German higher education institution

Rhine-Waal University of Applied Sciences (Hochschule Rhein-Waal) or HSRW, is a 2009-founded German university of applied sciences based in the cities of Kleve and Kamp-Lintfort, Germany.

It is internationally-oriented and delivers a variety of English- and German-language study programmes across four faculties: Technology and Bionics, Life Sciences, Society and Economics, and Communication and Environment.

The university is named after the river Rhine which becomes the Waal after crossing the Dutch border near Kleve.

== History ==

The state government of North Rhine-Westphalia organized a competition for the creation of three new Universities on 28 May 2008. The applicants were Kleve and the "We-4"-cities (Kamp-Lintfort, Moers, Neukirchen and Rheinberg), but the concept of separate universities was discarded. Instead, the two competing candidates Kleve and Kamp-Lintfort were assigned joint responsibility to establish a two-campus university in November 2008. In April 2009, Marie-Louise Klotz and Martin Goch were appointed president and vice president of the university. The official founding date of the university was 1 May 2009.

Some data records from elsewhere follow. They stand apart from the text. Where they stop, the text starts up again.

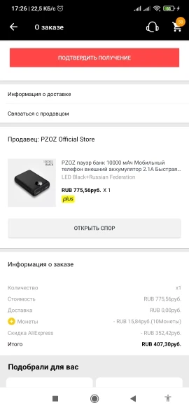 Продавец - честнейший человек. Ситуация была следующая. Я заказал один пауэрбанк из Китая, т.к. из России доставки на тот момент не было. Посылка где-то застряла на границе. Срок защиты подошёл концу. Договорились, что продавец вернёт деньги, а я со своей стороны сразу же закажу ещё один, уже из России. Так и сделали. Из России товар пришёл за четыре дня. Деньги тоже вернулись, правда, площадка только через две недели перевела деньги в банк. А спустя немного времени и потерявшийся заказ нашёлся и приехал. Сам товар отличный, качественный. Айфон три раза заряжает. Однозначно рекомендую, как товар, так и продавца. Пусть Господь его благословит.
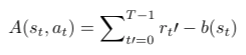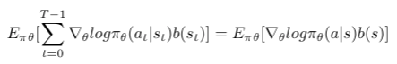 在上面的等式中要注意的重要一点是基线b是s_t而不是s_t` [4]的函数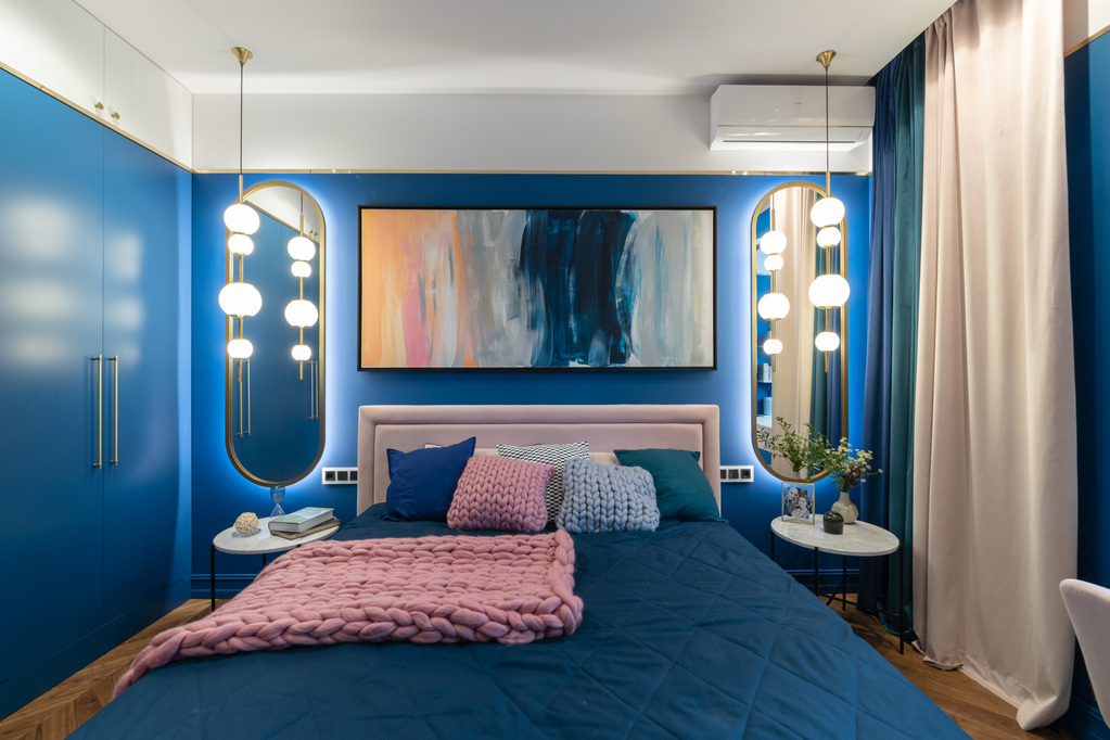 Архитектор Оксана Сальберг-Вачнадзе преобразила интерьер 16-метровой спальни в программе «Квартирный вопрос». Чтобы визуально увеличить пространство использовали прием контрастной покраски стен. Глубокий синий отделила латунная полоска на расстояние от стыка стены с потолком. Лоджия превратилась в кабинет. Проем между зонами обрамили зеркала. Высокий графичный плинтус Base 002, выкрасили в цвет стен.

Marie-Louise Klotz was replaced as president by Heide Naderer in 2015, who was succeeded by Oliver Locker-Grütjen in 2019.

== Internationality ==

As of 2018, 55% of the student body is international, coming from 122 different countries, with the share of international students steadily increasing year by year. Within this group, students from India, Bangladesh, and Pakistan form the largest cohorts.

== Tuition and fees ==

Due to its status as a public university in the state of NRW, no tuition fees are charged. There is a semester contribution fee of €365.10 (as of 2026) to be paid each semester, which covers e.g. social services contribution, and unlimited public transportation within the state. The university offers merit-based scholarships of €3600 per year for outstanding students regardless of origin on an academic year by year basis. In 2017, this was awarded to 80 students.

== Reputation ==

The courses are accredited by AQAS and ASIIN. Recent graduates of the university moved on to become e.g. engineers at BMW and Lufthansa, or went to graduate schools such as University of Melbourne and KTH Royal Institute of Technology.

== Location and campus ==

The two campuses are located on the outskirts of Germany's most populous metropolitan region, the Rhine-Ruhr, which can be reached by the Cologne–Nijmegen railway. The Kleve campus can also be reached directly from Düsseldorf main train station via the RE10 train.